### TASK PROMPT:
Nothing but the lines from the one with "Ніжно-рожевий нюд надає" down to the one with "МИКС 4,8х3,2х9 см" should be returned, exactly and with both ends included, from the material below.

### EXTRACTED INFORMATION:
■ ■ ■ ■
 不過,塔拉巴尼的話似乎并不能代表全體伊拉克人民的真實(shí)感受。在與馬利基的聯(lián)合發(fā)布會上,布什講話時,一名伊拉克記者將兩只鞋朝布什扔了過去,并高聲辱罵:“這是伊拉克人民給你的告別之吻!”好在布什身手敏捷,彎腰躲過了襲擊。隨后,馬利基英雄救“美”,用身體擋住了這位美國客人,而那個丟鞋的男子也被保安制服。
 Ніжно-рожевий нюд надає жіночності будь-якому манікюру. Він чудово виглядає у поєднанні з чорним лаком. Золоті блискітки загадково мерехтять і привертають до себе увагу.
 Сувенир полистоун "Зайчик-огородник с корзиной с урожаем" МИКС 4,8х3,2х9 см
■ ■ ■ ■
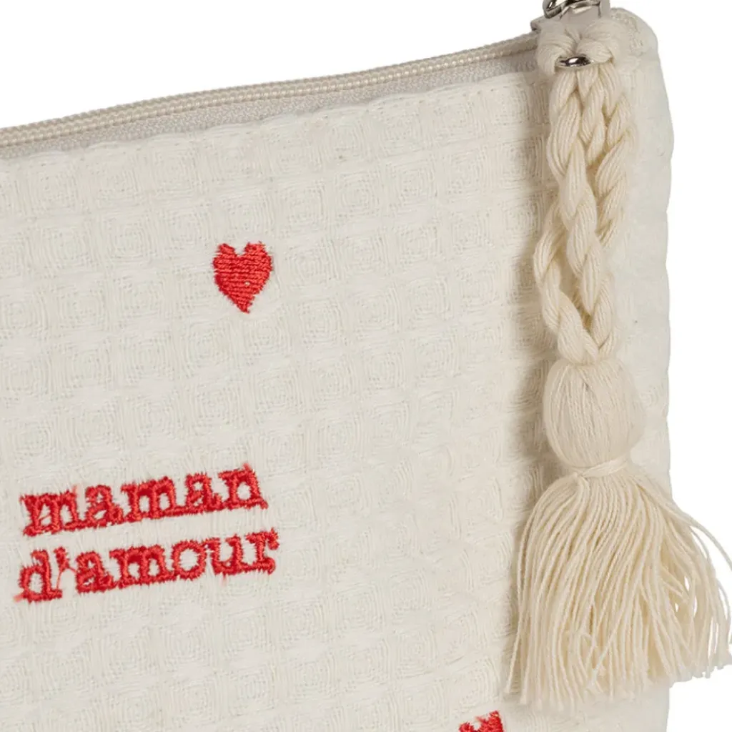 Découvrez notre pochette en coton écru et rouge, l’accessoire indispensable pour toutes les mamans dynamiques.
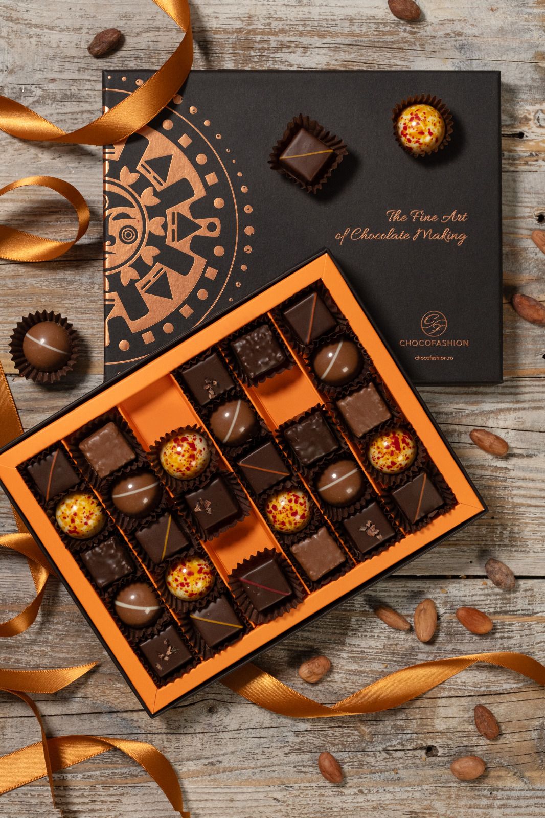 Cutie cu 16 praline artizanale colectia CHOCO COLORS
■ ■ ■ ■
### REPLY:
 Ніжно-рожевий нюд надає жіночності будь-якому манікюру. Він чудово виглядає у поєднанні з чорним лаком. Золоті блискітки загадково мерехтять і привертають до себе увагу.
 Сувенир полистоун "Зайчик-огородник с корзиной с урожаем" МИКС 4,8х3,2х9 см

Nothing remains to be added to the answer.